[![Open In Colab](https://colab.research.google.com/assets/colab-badge.svg)](https://colab.research.google.com/github/danpele/Time-Series-Analysis/blob/main/chapter7_seminar_notebook.ipynb)

---

# Chapter 7 Seminar: Cointegration and VECM - Practice

**Course:** Time Series Analysis and Forecasting  
**Program:** Bachelor program, Faculty of Cybernetics, Statistics and Economic Informatics, Bucharest University of Economic Studies, Romania  
**Academic Year:** 2025-2026

---

## Seminar Objectives

In this practical seminar, you will:
1. Practice identifying spurious vs genuine cointegration
2. Apply Engle-Granger and Johansen tests
3. Estimate and interpret VECM models
4. Work with real financial data (Pairs Trading example)
5. Analyze PPP (Purchasing Power Parity) relationships

## Setup

In [None]:
import numpy as np
import pandas as pd
import matplotlib.pyplot as plt
import warnings
warnings.filterwarnings('ignore')

from statsmodels.tsa.stattools import adfuller, coint
from statsmodels.tsa.vector_ar.vecm import coint_johansen, VECM
from statsmodels.tsa.api import VAR
from statsmodels.regression.linear_model import OLS
from statsmodels.tools.tools import add_constant
from statsmodels.stats.stattools import durbin_watson
from scipy import stats

try:
    import pandas_datareader.data as web
    HAS_PDR = True
except ImportError:
    HAS_PDR = False

plt.rcParams['figure.figsize'] = (12, 5)
plt.rcParams['font.size'] = 11
plt.rcParams['axes.facecolor'] = 'none'
plt.rcParams['figure.facecolor'] = 'none'
plt.rcParams['axes.grid'] = False
plt.rcParams['axes.spines.top'] = False
plt.rcParams['axes.spines.right'] = False
plt.rcParams['legend.frameon'] = False

COLORS = {'blue': '#1A3A6E', 'red': '#DC3545', 'green': '#2E7D32', 'orange': '#E67E22', 'gray': '#666666'}

print("Setup complete!")

## Exercise 1: Spurious vs Cointegrated Series

**Task:** Generate and distinguish between spurious and genuine cointegration.

In [None]:
np.random.seed(42)
n = 300

# Case A: Two INDEPENDENT random walks (spurious)
y1_spurious = np.cumsum(np.random.randn(n))
y2_spurious = np.cumsum(np.random.randn(n))
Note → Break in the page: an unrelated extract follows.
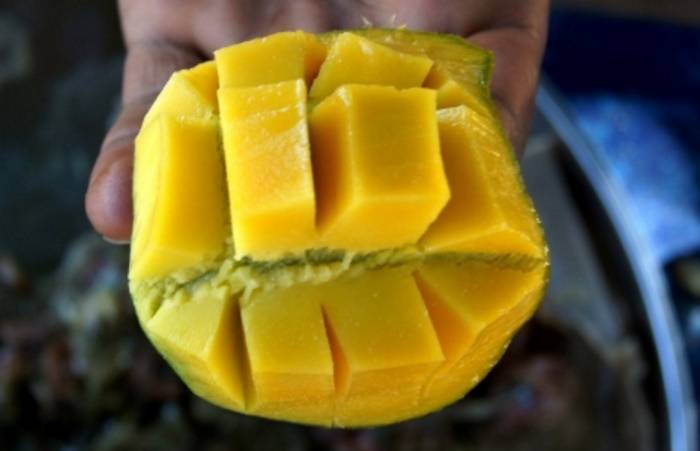 В тропиците у дома дървото достига височина 45 метра, има пищна сферична корона с тъмнозелени листа, младите листа са жълто-розови. Цъфтежът на манго издава аромат, подобен на лилия. Самият плод има продълговата овална форма с гладка жълта или жълторозова кожа. Можете да проверите зрелостта, като натиснете пръста си върху плодовете. Зрялата пулпа образува вдлъбнатина, която след това се поправя. Теглото на един плод достига два килограма.

# Case B: Two COINTEGRATED series (genuine)
common_trend = np.cumsum(np.random.randn(n))
y1_coint = common_trend + np.random.randn(n) * 0.5
y2_coint = 0.7 * common_trend + np.random.randn(n) * 0.5

# Visualize
fig, axes = plt.subplots(2, 2, figsize=(14, 8))

# Spurious
axes[0, 0].plot(y1_spurious, color=COLORS['blue'], label='Y1')
axes[0, 0].plot(y2_spurious, color=COLORS['orange'], label='Y2')
axes[0, 0].set_title('Case A: Independent Random Walks', fontweight='bold')
axes[0, 0].legend()

spread_spurious = y1_spurious - y2_spurious
axes[0, 1].plot(spread_spurious, color=COLORS['red'])
axes[0, 1].set_title('Case A: "Spread" (Non-Stationary!)', fontweight='bold', color=COLORS['red'])

# Cointegrated
axes[1, 0].plot(y1_coint, color=COLORS['blue'], label='Y1')
axes[1, 0].plot(y2_coint / 0.7, color=COLORS['orange'], label='Y2 (scaled)')
axes[1, 0].set_title('Case B: Cointegrated Series', fontweight='bold')
axes[1, 0].legend()

# Estimate cointegrating coefficient
beta_est = np.polyfit(y2_coint, y1_coint, 1)[0]
spread_coint = y1_coint - beta_est * y2_coint
axes[1, 1].plot(spread_coint, color=COLORS['green'])
axes[1, 1].axhline(y=np.mean(spread_coint), color='red', linestyle='--')
axes[1, 1].set_title('Case B: Spread (Stationary!)', fontweight='bold', color=COLORS['green'])

plt.tight_layout()
plt.show()

In [None]:
# Statistical tests
print("Statistical Analysis")
print("="*70)

print("\n--- Case A: Independent Random Walks ---")
# Regression
X_sp = add_constant(y2_spurious)
reg_sp = OLS(y1_spurious, X_sp).fit()
dw_sp = durbin_watson(reg_sp.resid)

print(f"Regression: Y1 = {reg_sp.params[0]:.3f} + {reg_sp.params[1]:.3f}*Y2")
print(f"R-squared: {reg_sp.rsquared:.4f}")
print(f"Durbin-Watson: {dw_sp:.4f}")
print(f"R² > DW? {reg_sp.rsquared > dw_sp} → {'SPURIOUS!' if reg_sp.rsquared > dw_sp else 'OK'}")

# Cointegration test
stat_sp, pval_sp, _ = coint(y1_spurious, y2_spurious)
print(f"Engle-Granger test: stat={stat_sp:.3f}, p-value={pval_sp:.4f}")
print(f"Conclusion: {'Cointegrated' if pval_sp < 0.05 else 'NOT Cointegrated'}")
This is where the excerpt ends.